The standard can say cables "must" support things all day long, but that doesn't mean they will. Remember when Benson Leung's laptop got fried by a standard-violating SURJTECH brand cable from Amazon? https://web.archive.org/web/20160206010526/https://www.amazo...
They absolutely do. I have three and use them all the time. Use case (beyond charging) to have them right in the box is that they can be used to transfer data from a previous Mac to a new one upon setup (heir to the good old "target mode" that used to turn a Mac into a USB mass storage device), or for T2/Apple Silicon to debrick the device by entering DFU mode.
Just got a fourth (shorter, different from MacBooks) one with my new iPad, it has data too, which I just used yesterday to restore the encrypted local backup from my previous iPad and perform a new local backup. I bet the cable shipped with these new iPhones is the same as with the USB-C iPad ones.
That sounds highly unlikely, the one that came with my MBP supports everything up to Thunderbolt. But USB is ridiculously complicated, and sometimes better cables fail on shitty devices; I've seen it a few times with camera equipment where I really needed the cable that came with it because higher specced ones just didn't work.
True if they are referring to the MagSafe cable. If referring to USB C to C, they’re mistaken. The charging cable for all MacBooks does support USB 2 data rates.
The charging cables included with MacBooks do not support Thunderbolt. Just USB 2.0 data.

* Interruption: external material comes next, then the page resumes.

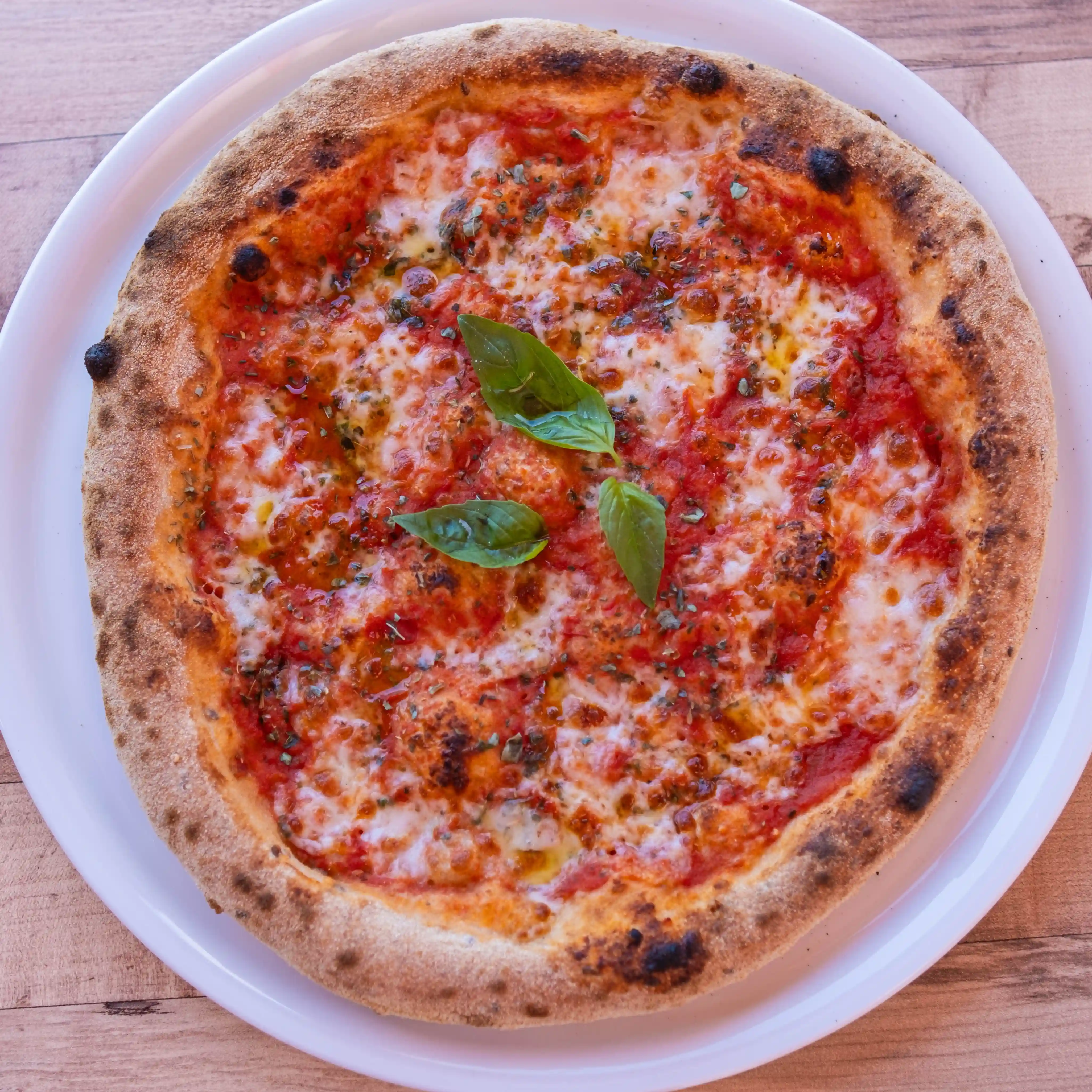Tomato sauce, mozzarella fior di latte, Basil, After cooking: Oregano, Extra virgin olive oil drizzle

I do have an Apple Thunderbolt cable which supports charging (of course), but it was a separate purchase. The Thunderbolt cable looks similar but is a bit thicker, and has the Thunderbolt logo printed on the connectors at each end.
It's actually not technically possible for a faulty USB-C cable to function as a (> 5V) charging cable without data, because the power delivery negotiation happens over the data connection.
For USB C-C cables PD and passive 5V (5K1 pulldown) is negotiated over a separate CC pin from the USB2 D+/- pins, so it's theoretically possible if the D+/- lines are not connected/damaged.
USB A-C cables are entirely separate, there is no CC line, only a fixed always-on Vcc pin at 5V.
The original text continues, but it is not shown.